I thought w(f) where w=dual vector f=vector is Reals?

[precondition]

But lecturer said today that it's a function.
So for example he said, if we have w x f where x is supposed to be tensor product, then w(f) x f can be written w(f)f without tensor product sign because w(f) is just a function...

 

[HallsofIvy]

I'm not sure what you mean by "Reals". w(f) where w= dual vector f= vector is not "Reals", it is a single real number.

The definition of the "dual space" of a vector space, V, over a given field is "the vector space of all linear functions from V to the field with vector addition given by (w+q)(v)= w(v)+ q(v) (w and q functions and the sum on the right hand side is in V) and scalar multiplication given by (aw)(v)= a(w(v)) (again, the multiplication on ther right hand side is in V).

I doubt your instrutor meant that w(f) is a function. w itself is a function, w(f) is the real number value when w is applied to f.

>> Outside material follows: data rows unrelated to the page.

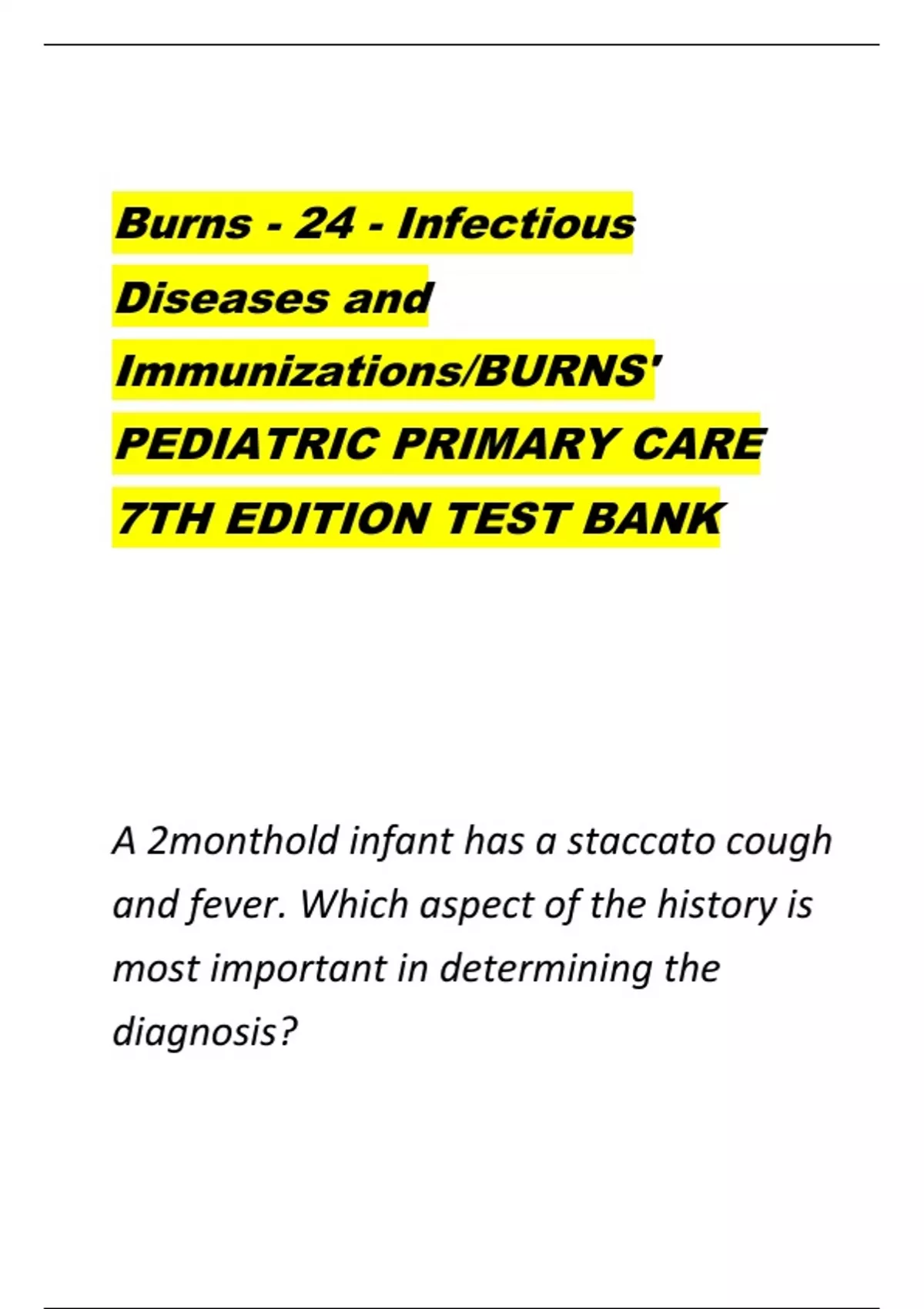 Burns - 24 - Infectious Diseases and Immunizations/BURNS' PEDIATRIC PRIMARY CARE 7TH EDITION TEST BANK
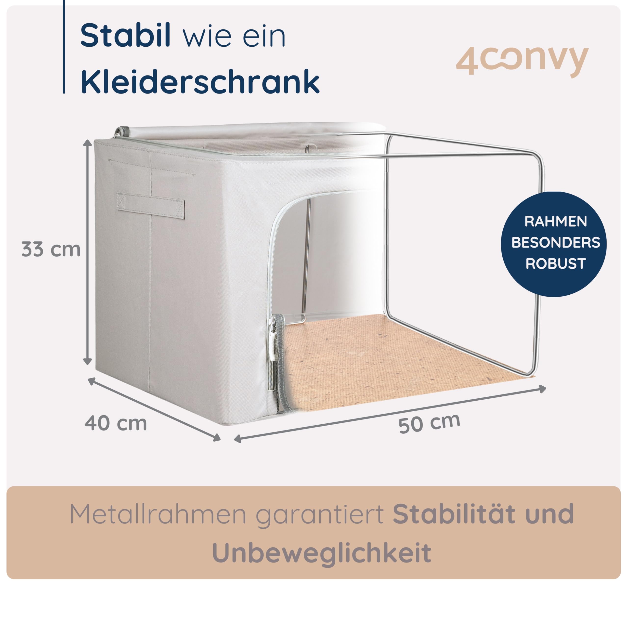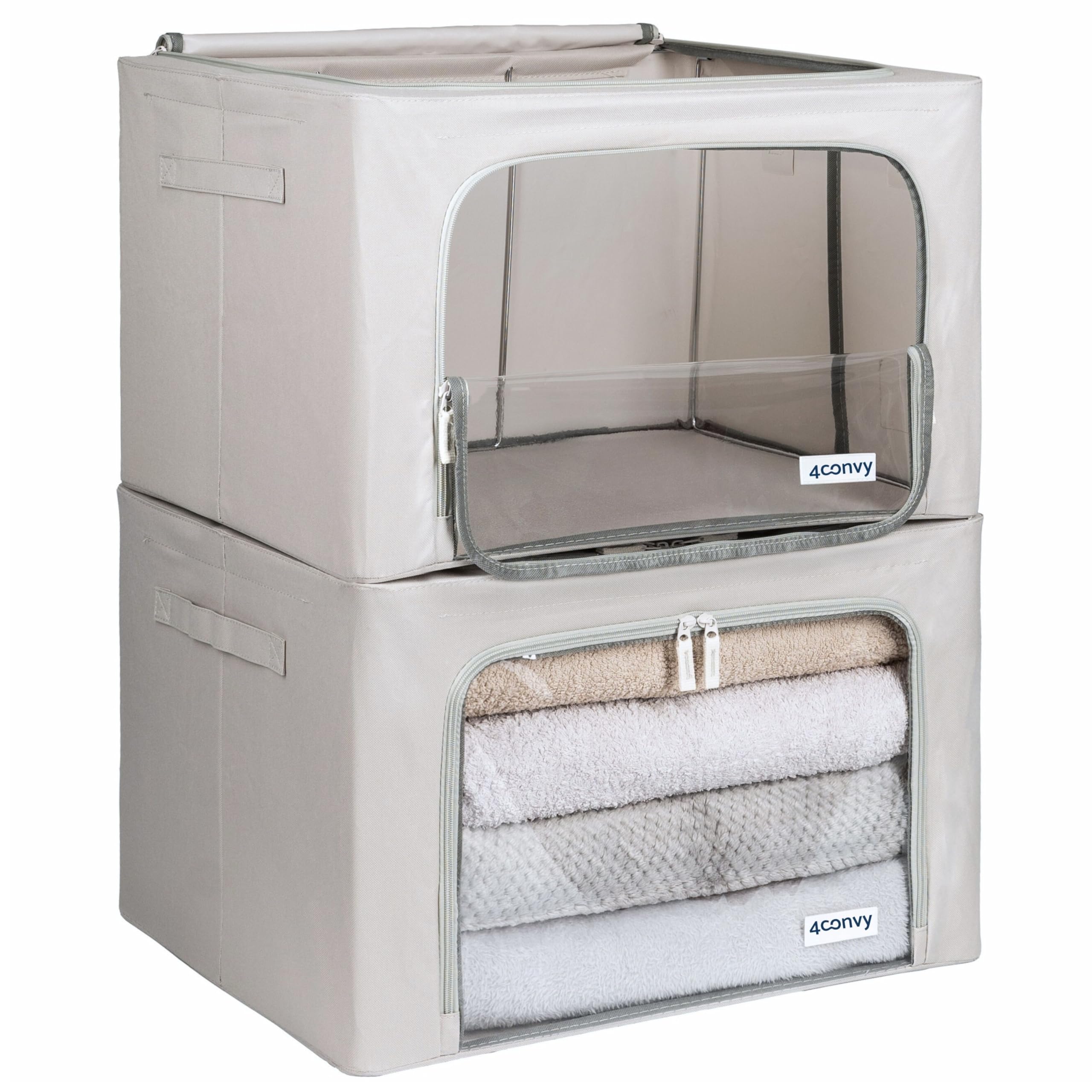 4CONVY Kleideraufbewahrung Kleiderschrank Box mit Reissverschluss Metallrahmen - grosse faltbare stapelbare Aufbewahrungsbox -2x66L Aufbewahrungstaschen - Kleiderbox für Bettdecke Kleidung Aufbewahrung
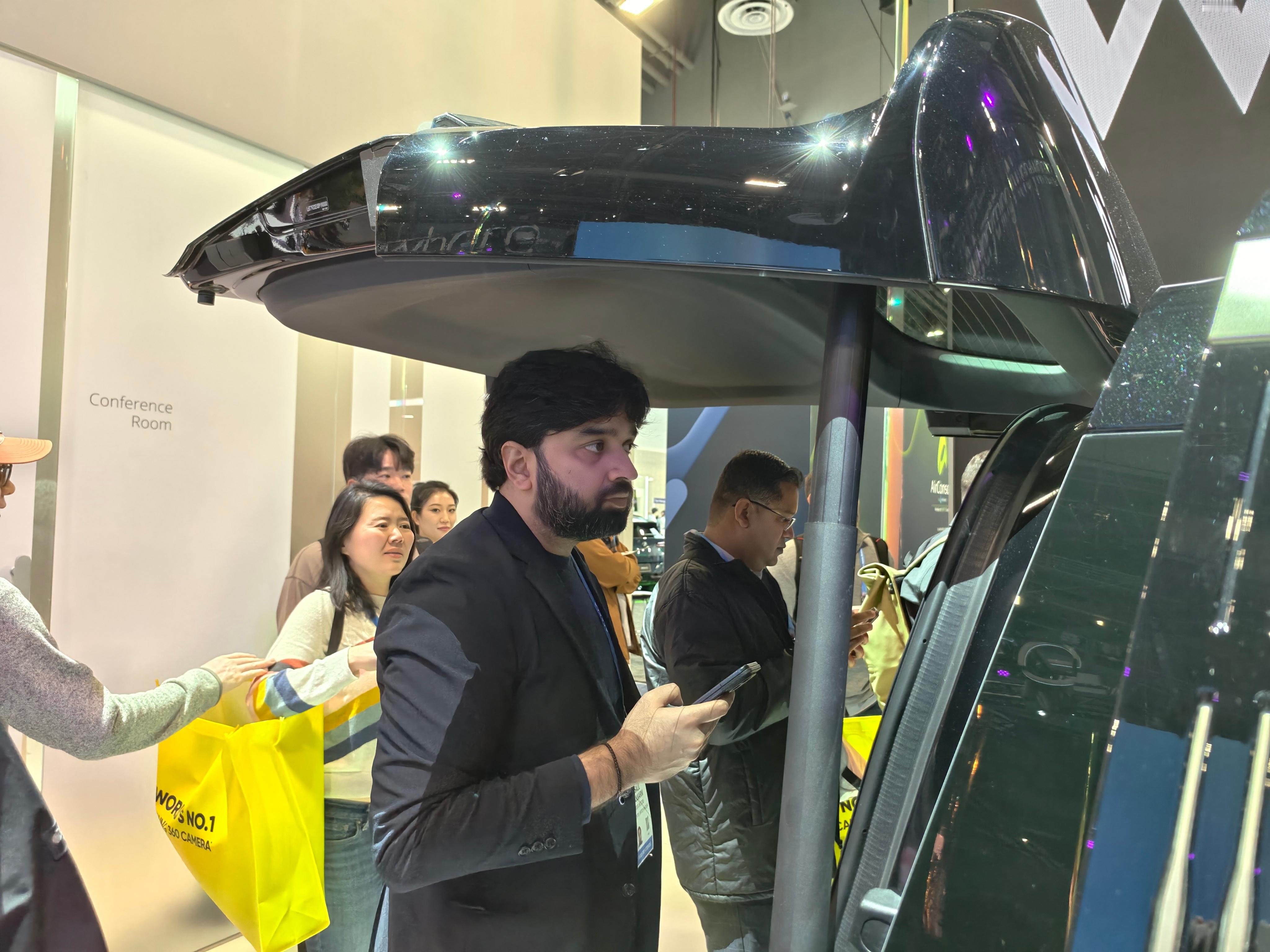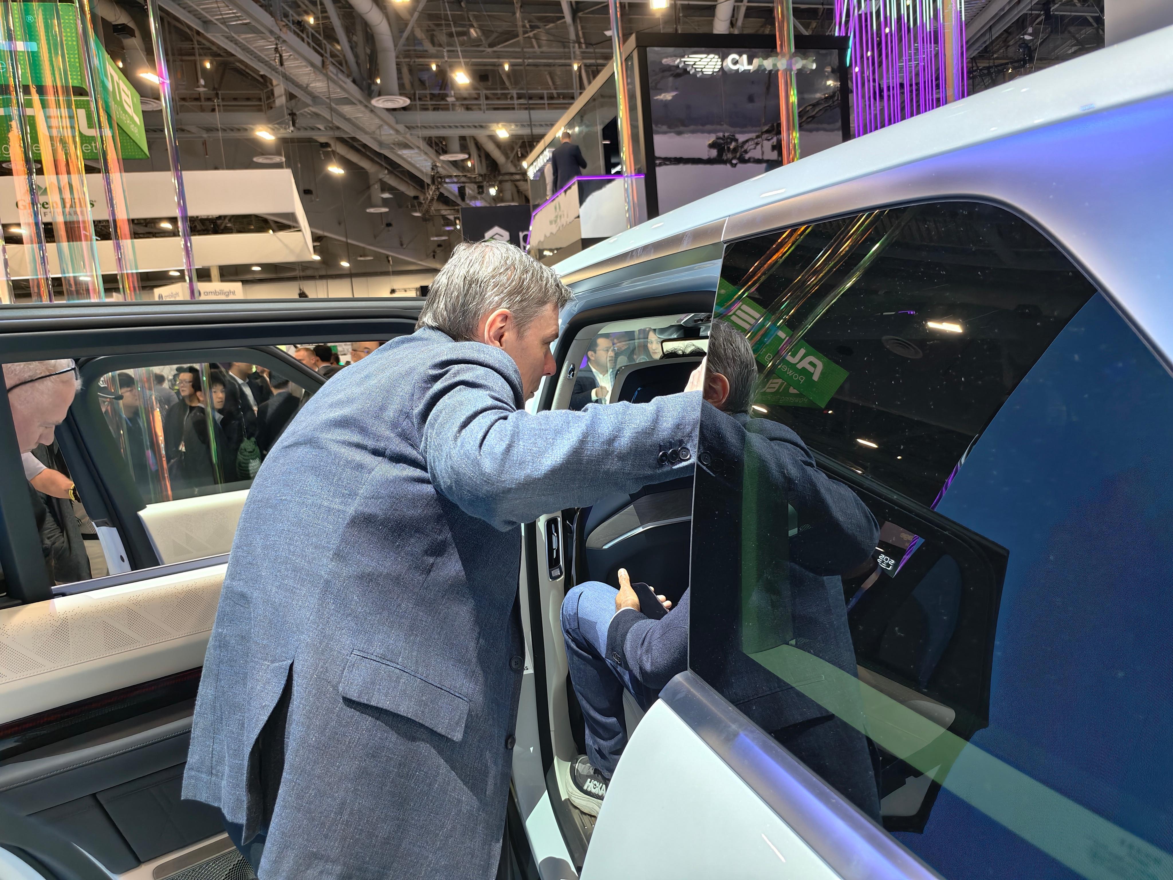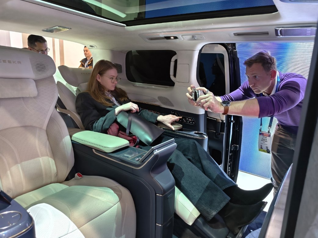 车上的老外在拍极氪 9X 和 009 光辉,车下的我在拍老外。他们为啥对这俩车这么感兴趣,突然想到一旦离开中国这个炼狱,身处 CES 这片土地上,这俩车的诸多技术、配置都是非常鹤立鸡群的。两个超豪华定位的产品,又有很强的智能化和新能源化的诠释,中国以外的市场确实不多。
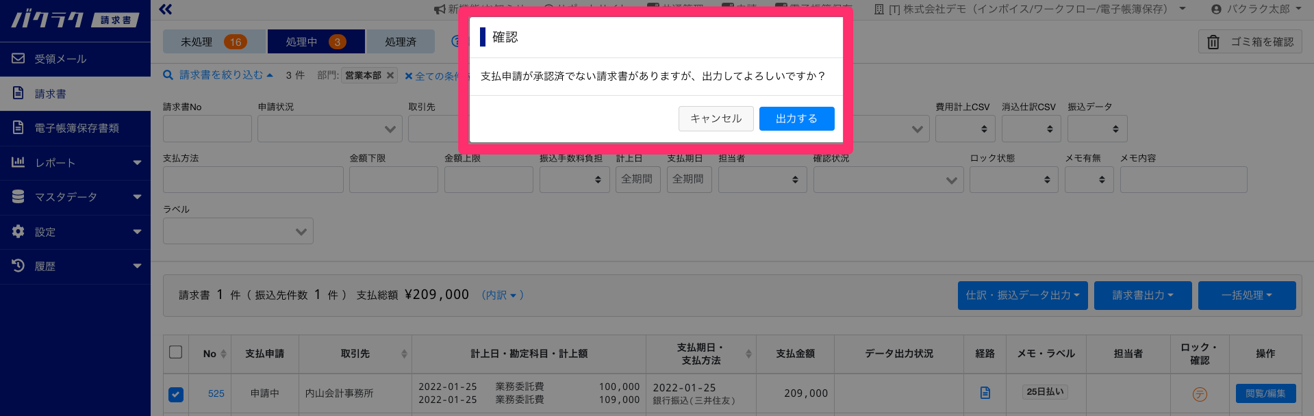 3. バクラク申請で承認が完了していない仕訳・振込データを出力する際に、確認メッセージが表示される機能
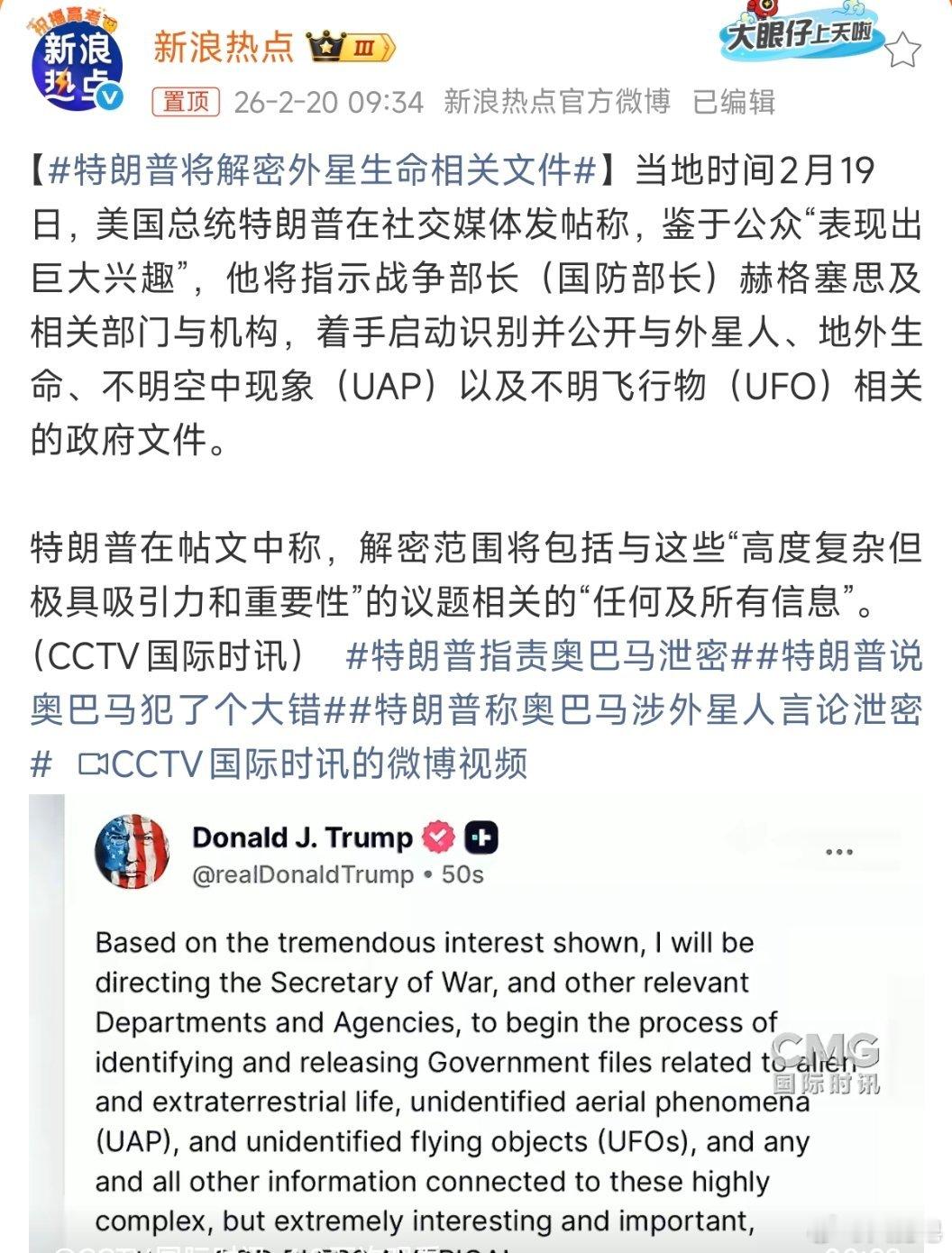 特朗普将解密外星生命相关文件 我来告诉你们,为什么奥巴马这个时候在搞这套所谓的外星人论,其实就是配合大漂亮的阴谋论和降临派在打击特朗普。本质上这群人其实就是属于反政府的。
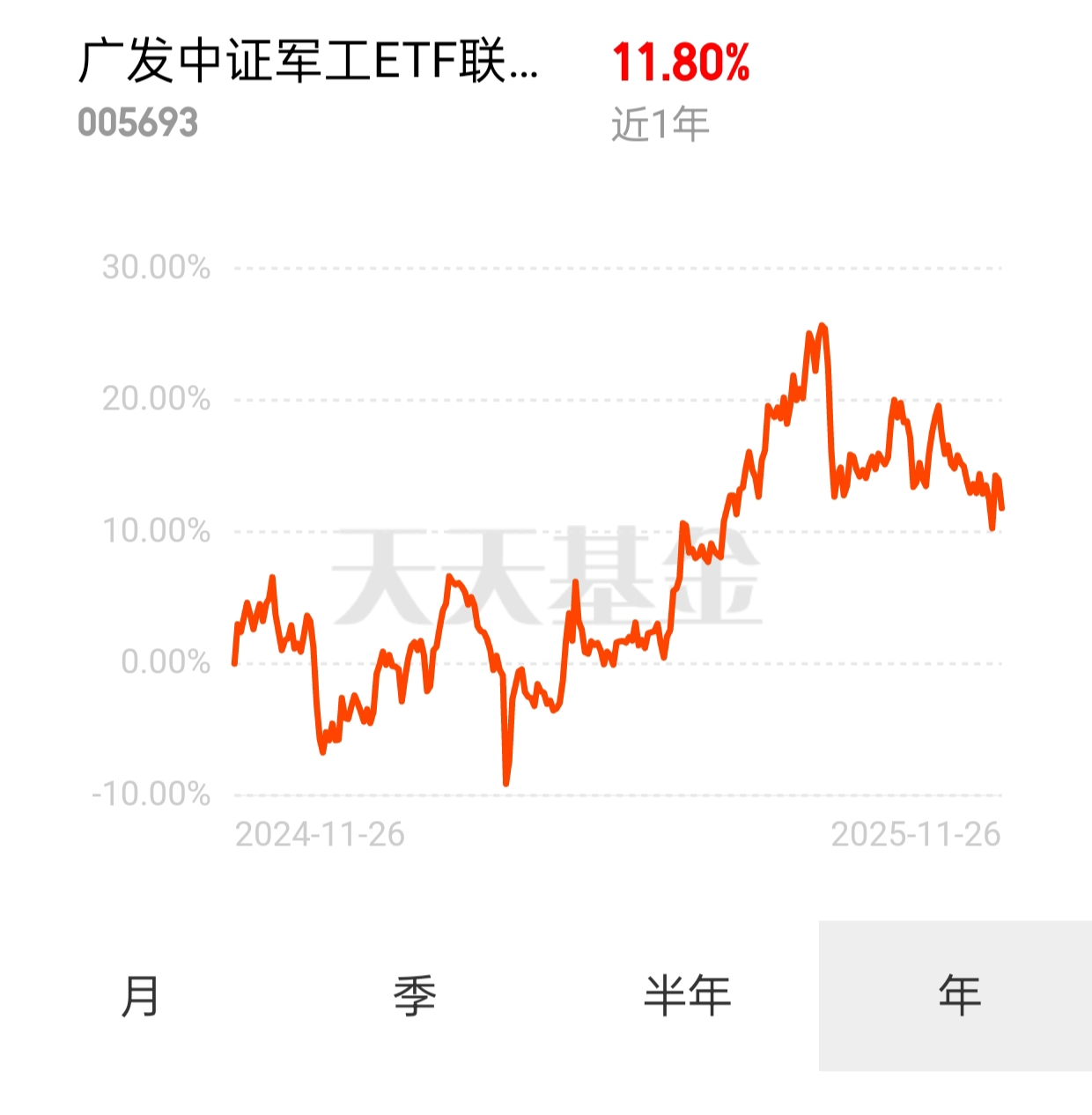 国家航天局相关行动计划明确到2027年基本实现商业航天高质量发展,并设立国家商业航天发展基金,引导资本坚持做长期投资、战略投资、价值投资。这只$广发中证军工ETF联接C$(005693)跟踪中证军工指数,上周五涨了1.22%,这基精准覆盖航空航天、兵器装备、船舶制造三大关键主线,能更好的把握板块行情#12月基金投资策略#
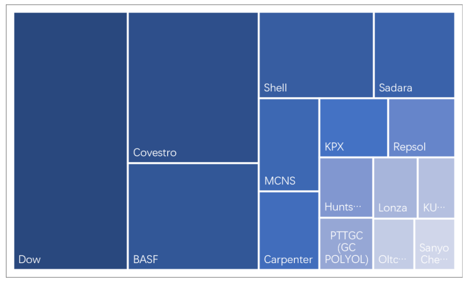 Although there are many polyether polyol production plants in the world and they are widely distributed, there are still a few manufacturers occupying most of the production capacity, and many small manufacturers coexist. In addition to China, the production capacity of large multinational companies such as Dow, Covestro, BASF, and Shell accounts for 1/3~1/2 of the global total production capacity.
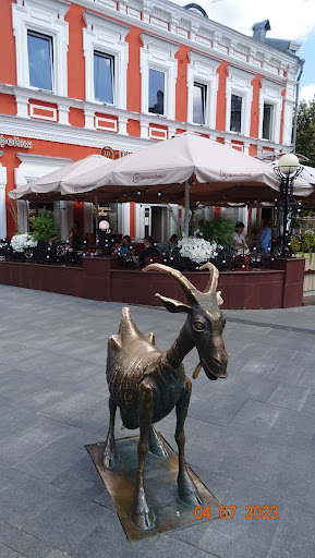 Read moreОчередной металлический шедевр на Большой Покровской... Не осталось, наверное, персонажей ни среди людей, ни среди животных и птиц, не отлитых в металле неизвестными скульпторами и не размещённых на каждом квадратном метре главной туристической артерии Нижнего... Коза, правда, получилась больше похожей на спилберговского динозавра из Парка Юрского периода... Ну, так...

That's why we can talk about w(f)f- it's scalar multiplication.

Of course, that's a common "abuse of notation" just as when we refer to "f(x)" as a function. Actually, f is the function, f(x) is some value of the function.

 

[tacman]

It seems that there may be some confusion about the notation and terminology being used. In mathematics, the term "dual vector" typically refers to a vector in the dual space, which is the set of all linear functionals on a vector space. In this context, w(f) would indeed be a real number, as it is the value of the linear functional w at the vector f.

However, it seems that the lecturer in this case is using a different definition of "dual vector," where it is being used to refer to a function that maps vectors to real numbers. In this case, w(f) would indeed be a function, as it is taking a vector f as input and returning a real number as output.

As for the notation involving tensor products, it is important to clarify whether the lecturer is using the notation w x f to represent a tensor product or a cross product. If it is a tensor product, then w(f) x f would indeed be equivalent to w(f)f, as the tensor product of a number and a vector is simply the vector multiplied by that number. However, if it is a cross product, then w(f) x f would not be equivalent to w(f)f, as the cross product operation is only defined for vectors.

Overall, it is important to clarify the specific definitions and notations being used in order to fully understand the concepts being taught. It may also be helpful to ask the lecturer for clarification or further explanation if needed.